Sunday, 22 January 2017

a musical interlude

I made it to the music society concert, and the huge expensive thyme infused throat sweets preserved my decency and I did not cough, and the hall was jolly cold although the heating had been on.  We all sat there in our coats, while the pianist appeared perfectly comfortable in a sleeveless dress.  A friend told me she would be feeling OK because of the adrenaline, but I hope she didn't get chilled.

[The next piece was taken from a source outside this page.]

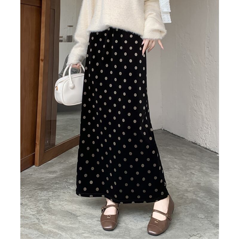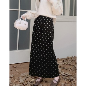 ボトムス スカート ベルベット ドット柄 バックスリット ブラック M L XL
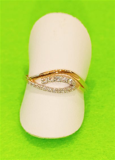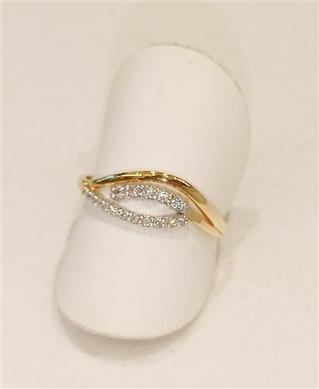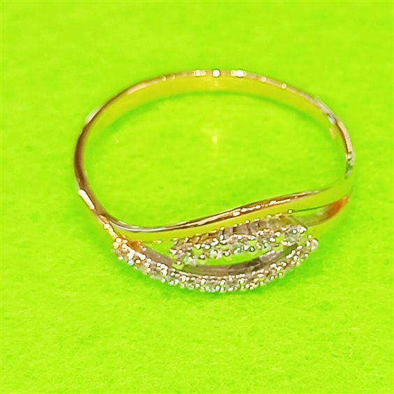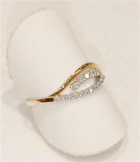 ELEGANTE ANELLO IN ORO GIALLO E BIANCO CON ZIRCONI INCASSATI A GRIFFE.

The concert opened with a suite by Elisabeth Jacquet de la Guerre.  Born twenty years before JS Bach, she performed at the court of the Sun King aged five, published her first set of suites for harpsichord at the age of twenty-two, and was the first woman to have an opera performed at the Academie Royale de Musique.  Radio 3 chose her as the Composer of the Week back in 2015 as part of their celebration of International Women's Day, which was when I first came across her.  Sadly, their enthusiasm for one of the greatest French Baroque composers didn't seem to last beyond the need to find some female composers for Women's Day and she's had little airplay since, or at least not when I've been listening.  I would say I like the French Baroque, except that an unkind person could point out that I have no recordings of it beyond a cassette of Lully somewhere in a drawer, but nonetheless I do like the French Baroque and was delighted by the pianist's choice of opening number.

Then we had some Beethoven that was new to me and also to the friend sitting next to me, Sonata No. 4 in E flat major.  It was big and muscular and brilliant, one of those pieces of music I find easier to respect than to love.  Beethoven quite often has that effect on me, which says more about me than Beethoven.

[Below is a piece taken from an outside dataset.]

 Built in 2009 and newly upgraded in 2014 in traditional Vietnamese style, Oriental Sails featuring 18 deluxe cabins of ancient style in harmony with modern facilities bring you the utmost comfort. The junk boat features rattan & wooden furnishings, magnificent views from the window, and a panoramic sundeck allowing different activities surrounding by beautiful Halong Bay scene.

After the interval we had a newly written piece by Kim Ashton, a selection from Ornithology, which was inspired by birds and unabashed by the fact that Charlie Parker already used the title.  This afternoon's birds were the goldfinch, the kestrel, and a third bird I didn't know.  I tried hard to listen with an open mind, while aware that my preconception was that I was not going to like it, but I'm afraid none of it seemed to me to have anything to do with goldfinches or kestrels.  If forced to guess I'd have said that it was about Brutalist architecture or collapsing icebergs or a series of lorries breaking down on the M25.  I am afraid I am hopelessly middlebrow and modern classical music is wasted on me.

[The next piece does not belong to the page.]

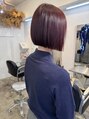 ブリーチなしハイトーンレッドブラウンミニボブ切りっぱなし

Then we had two Fauré Nocturnes, perhaps chosen as a contrast or palate cleanser after the birds, romantic and effusive.  I have no recordings of any of his work except the Requiem, which I adore. Every so often I think I should get some more, and then I hear some and remember that on the whole I don't like late nineteenth and early twentieth century French music very much.  We finished up with three movements from Igor Stravinsky's Petroushka, except that that wasn't quite the end because we got a little piece of Scarlatti as an encore.  The Scarlatti was wonderful.  In my secret heart if we could have just have stuck to Elisabeth Jacquet de la Guerre and Scarlatti for the whole concert, and maybe slipped in a bit of Antonio Soler and even some Handel, I'd have been entirely happy, but that probably wouldn't have suited the majority.